CPP Investment Board - Growth and Strategy

Growth and Strategy

According to the Office of the Chief Actuary of Canada, the CPP Fund needs a real rate of return of 4.0%, over the 75-year projection period in his report, to help sustain the plan at the current contribution rate.

In November 2010, the Chief Actuary reaffirmed that the CPP is sustainable throughout the 75-year timeframe of his 2009 report; the Chief Actuary will send a new projection for the CPP to the Minister of Finance in 2013. Over this long timeframe it is expected that there will be periods where returns are above or below this threshold.

Consistent with the CPPIB's mandate to maximize investment returns without undue risk of loss, they pursue a value-added strategy that seeks to deliver returns over and above a market-based benchmark over the long term. That benchmark is called the CPP Reference Portfolio and under reasonable capital market assumptions, it can generate the long-term 4.0% real rate of return required to help sustain the CPP.

The CPPIB reserve fund receives its funds from the CPP and invests them like a typical large fund manager would. The CPP reserve fund seeks to achieve at least the projected return (inflation-adjusted) needed to help sustain the CPP, a rate set at 4.0% by 2017 in the CPP actuary's report, starting from 3.2% in 2011. As indicated in its Financial Highlights for the fiscal year ended March 31, 2012, the CPP reserve fund averaged 2.2% return in the past 5 years, and a 6.2% return in the past 10 years,slightly less than the sum of projected Canadian inflation rates and the 4.0% target identified by the CPP Actuary report, or 6,3% in nominal basis, that is required for CPP contribution sustainability.
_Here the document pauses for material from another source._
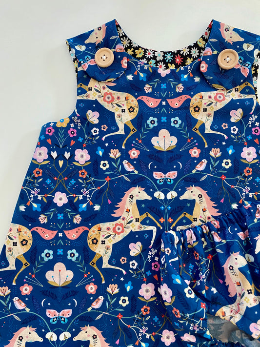 Navy Floral Horses Dress Set

The CPP total assets are projected to reach the following levels according to the 2009 actuarial report: (in assets):

  • $197 billion by 2015.
  • $275 billion by 2020.
  • $465 billion by 2030.

The strategies used to achieve these targets are:

  1. Diversification. In 1997, the CPP fund was 100% invested in government bonds, but it has since diversified not only by asset class, but also internationally.
  2. Employing basic asset allocation theories, with diversification of investments as one of the objectives. The asset mix has evolved as follows.:
Asset 2008 mix 2012 mix
Public Equity 51.8% 34.1%
Fixed Income 25.6% 33.2%
Private Equity 10.9% 16.3%
Inflation Sensitive Assets 11.7% 16.4%
  1. Using equity firms to assist in achieving targets for each asset class. The CPP reserve fund allocates certain amounts to various pre-qualified equity firms to be managed and used towards reaching the growth targets. For example, the CPP Investment Board hires private equity firms to help it invest in private companies, fund managers to help it invest in public equities, bond managers to assist in investing in bonds (within Canada and foreign bonds), and so forth.